L'esercito invasore giunge segretamente al comando di Malcolm e Macduff. La versione originale
del 1847 del coro di apertura, Patria oppressa, nel suo lamento della patria "perduta", ricorda in
qualche modo i cori "patriottici" che divennero così famosi nelle prime opere di Verdi, sebbene il
modo minore gli dia un colore diverso. La sostituzione del 1865 è uno dei più grandi movimenti corali
del compositore, con sottili dettagli di armonia e ritmo in quasi tutte le battute. Ah, la paterna mano
di Macduff, che segue, è una romanza minore-maggiore convenzionale, e la scena è completata da
una cabaletta come coro, La patria tradita, mentre le truppe di Malcolm si preparano a scendere su
Macbeth. Giunti nei pressi della foresta di Birnam, i soldati raccolgono i rami degli alberi e con questi
avanzano mimetizzati dando l'impressione che l'intera foresta si avanzi (come nella profezia).

4.2 Una stanza nel castello di Macbeth (come 1.2)


La famosa aria del "camminare nel sonno" di Lady Macbeth, Una macchia, è giustamente considerata
una delle più grandi creazioni soliste del giovane Verdi. Preceduta da una suggestiva rappresentazione
strumentale del colpevole peregrinare di Lady Macbeth, l'aria stessa si distingue per la sua struttura
formale e armonica ampliata e, cosa più importante, per un contributo orchestrale meravigliosamente
inventivo. Lady Macbeth, nel sonno, è sopraffatta dal rimorso e muore nel delirio.

4.3 Un'altra stanza nel castello


Una rumorosa introduzione orchestrale conduce all’ Andante sostenuto, un confessionale di Macbeth
Pietà, rispetto, amore, un'efficace aria lenta con alcune sorprendenti modulazioni interne. Conclusa
l'aria, i soldati si precipitano ad annunciare l'apparente avvicinamento del bosco di Birnam; segue una
battaglia orchestrale pseudo-fuga durante la quale Macbeth, rimasto solo, fronteggia l'invasore, ma è
ucciso in duello da Macduff, l'uomo che, venuto al mondo con una sorta di parto cesareo, avvera la
seconda parte del vaticinio ("nessun nato di donna ti nuoce").
Nel 1847 l'opera si concluse con una breve scena melodrammatica per Macbeth, Mel per me piena di
gesti declamatori che richiamano fili motivici del dramma. Per il 1865 Verdi lo sostituì con un Inno
alla Vittoria, Macbeth, Macbeth ov'è', un numero nel suo stile più moderno, con più di un accenno di
Offenbach nei suoi ritmi puntati, e forse anche un accenno di Marsigliese nelle sue battute finali.

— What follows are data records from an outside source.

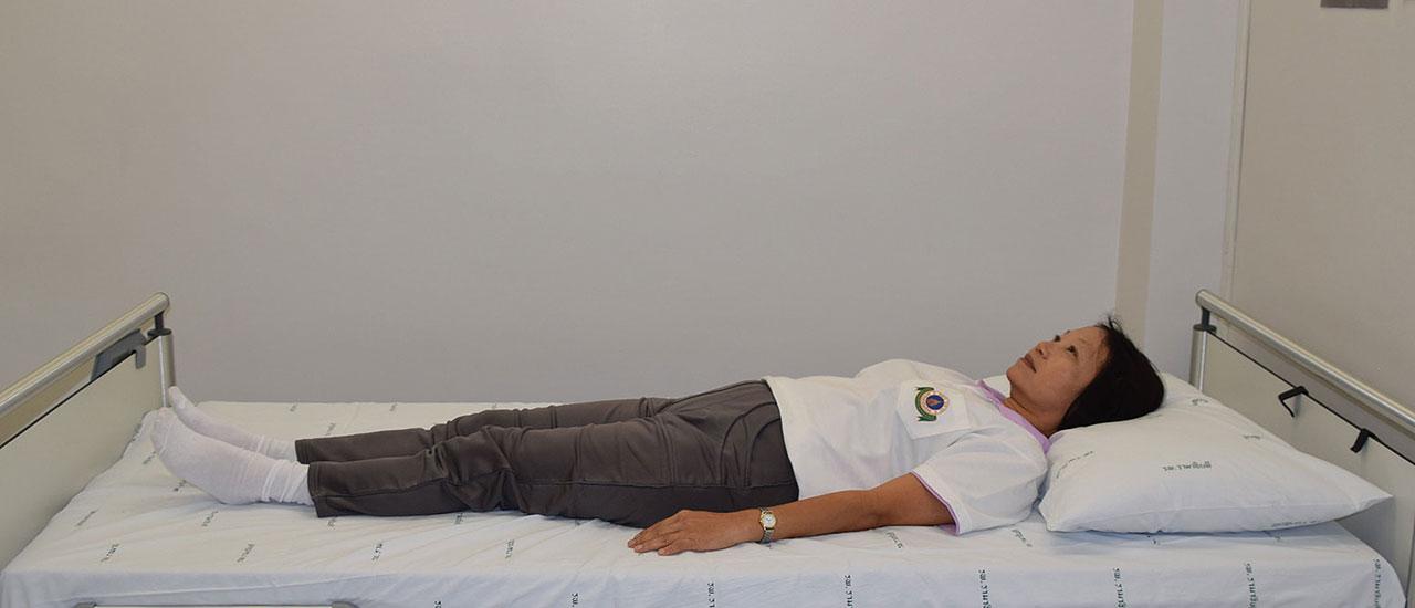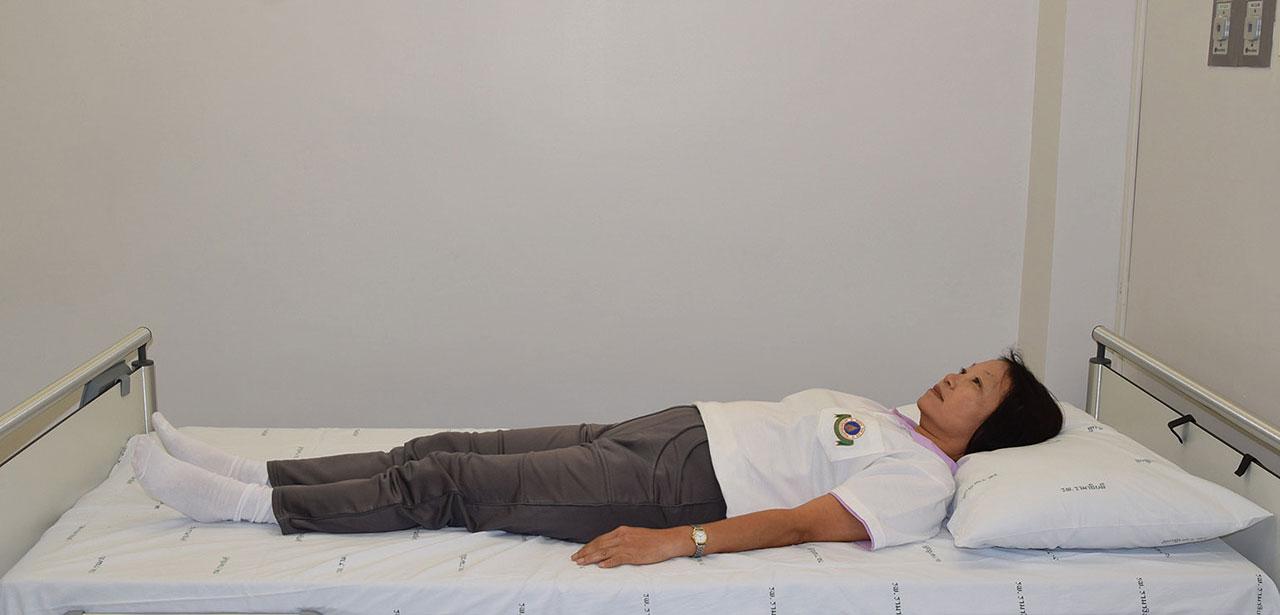 1. นอนราบบนที่นอน แขนทั้งสองวางข้างลำตัว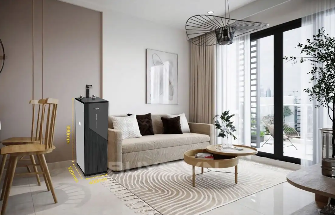 Máy lọc nước nóng lạnh Kangaroo Messi Hydrogen KG10A20 với thiết kế tủ đứng slim nhỏ gọn 320x400x990 mm với màu đen sang trọng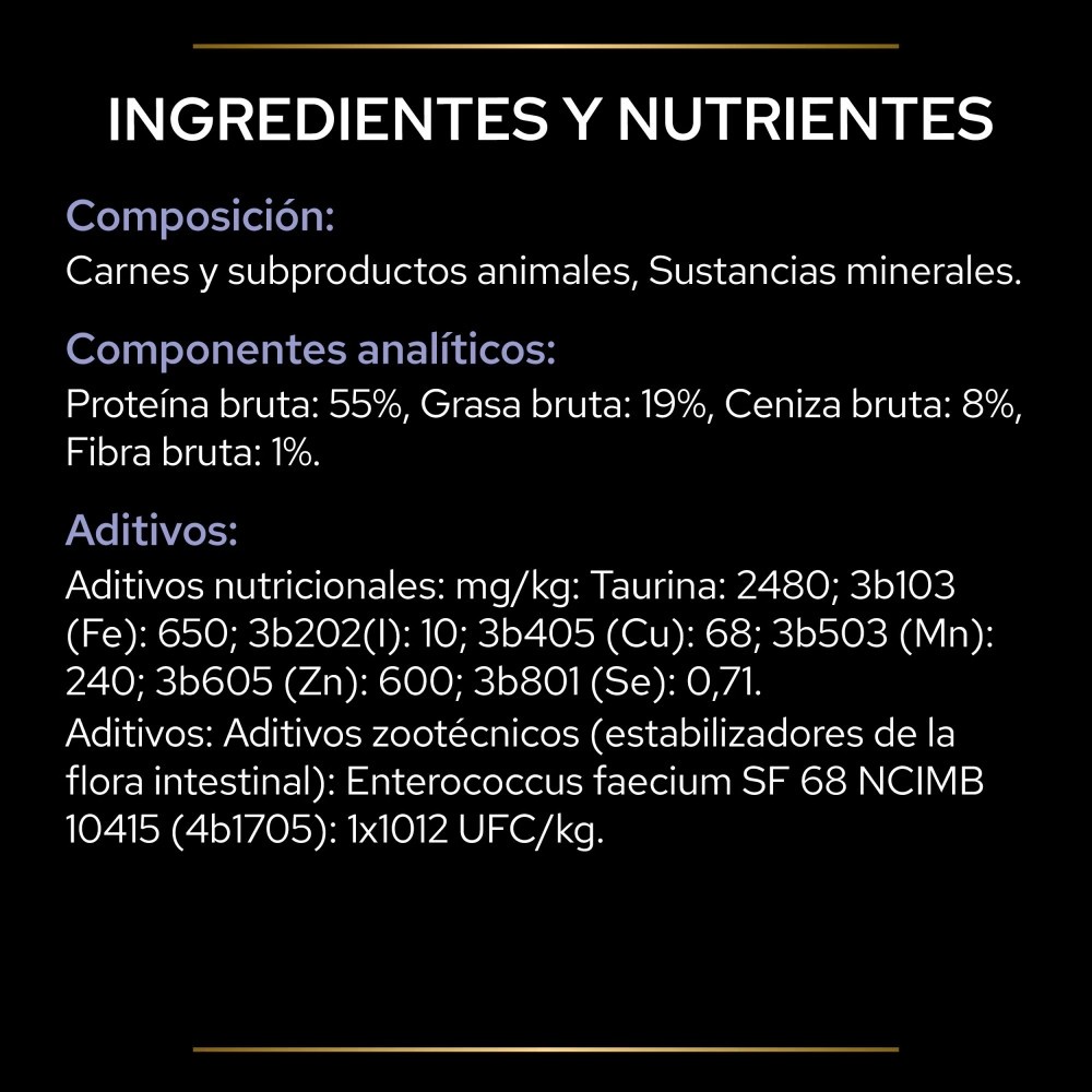 Otros ingredientes clave que contribuyen a su fórmula y palatabilidad: Carnes y subproductos animales(cerdo y aves de corral), Minerales, Vitaminas (Vitamina E y Vitamina C) y Taurina.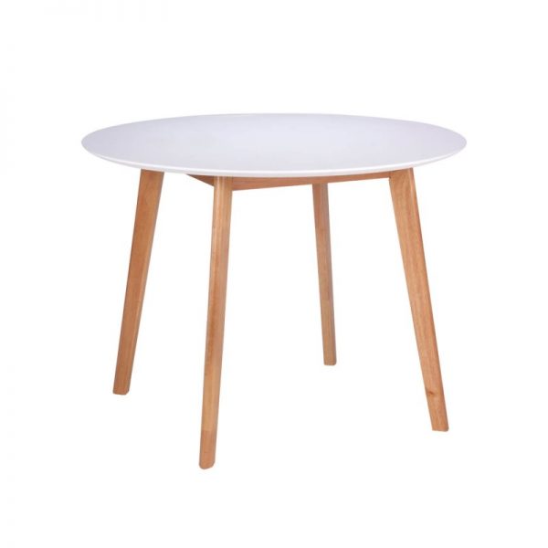 Mesa de madera con forma redonda de 100cm de diametro. Patas fabricadas en madera de caucho y tapa fija lacada en blanco de 18mm de espesor.
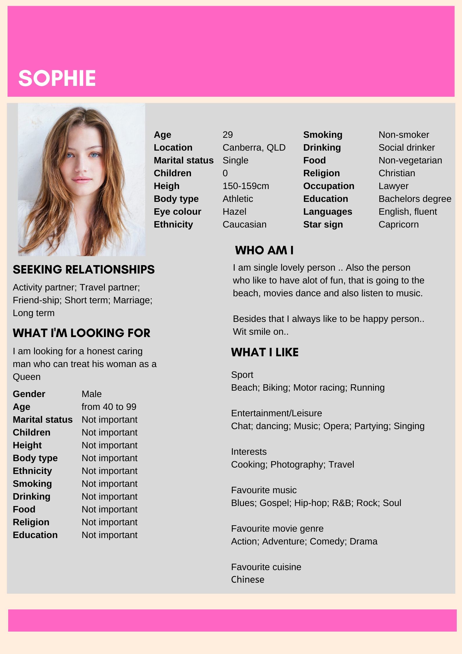 Female Dating Site Profile

Non c'è dubbio che la percezione spesso espressa da Verdi del Macbeth del 1847 come un'opera
particolarmente importante, nobilitata dal suo tema shakespeariano, sia stata quella che ha convertito
con successo in sostanza drammatica. Gran parte dell'opera mostra un'attenzione ai dettagli senza
precedenti nelle opere precedenti. Ciò vale tanto per i numeri "convenzionali", come l'aria di apertura
di Lady Macbeth o il successivo duetto con Macbeth, quanto per esperimenti formali come il duettino
Macbeth-Banquo nel 1° Atto. Inoltre, il nuovo standard stabilito da Macbeth era uno da cui Verdi si
ritirò raramente nelle opere successive.
Le revisioni del 1865 arricchiscono indubbiamente la partitura, fornendo molti dei suoi brani più
efficaci, in particolare La luce langue e il ritornello di apertura del 4° Atto. Chiaramente il senso di
disparità stilistica creata dalle revisioni non riguardava Verdi; infatti, per la maggior parte ha fatto
pochi tentativi per abbinare i numeri di sostituzione con il corpo principale della partitura, producendo
invece brani che sono tra i più armonicamente avanzati della sua successiva carriera. Tale disparità
non dovrebbe preoccuparci: la revisione del 1865 continuerà sicuramente ad essere la versione più
comunemente eseguita di questa magnifica opera.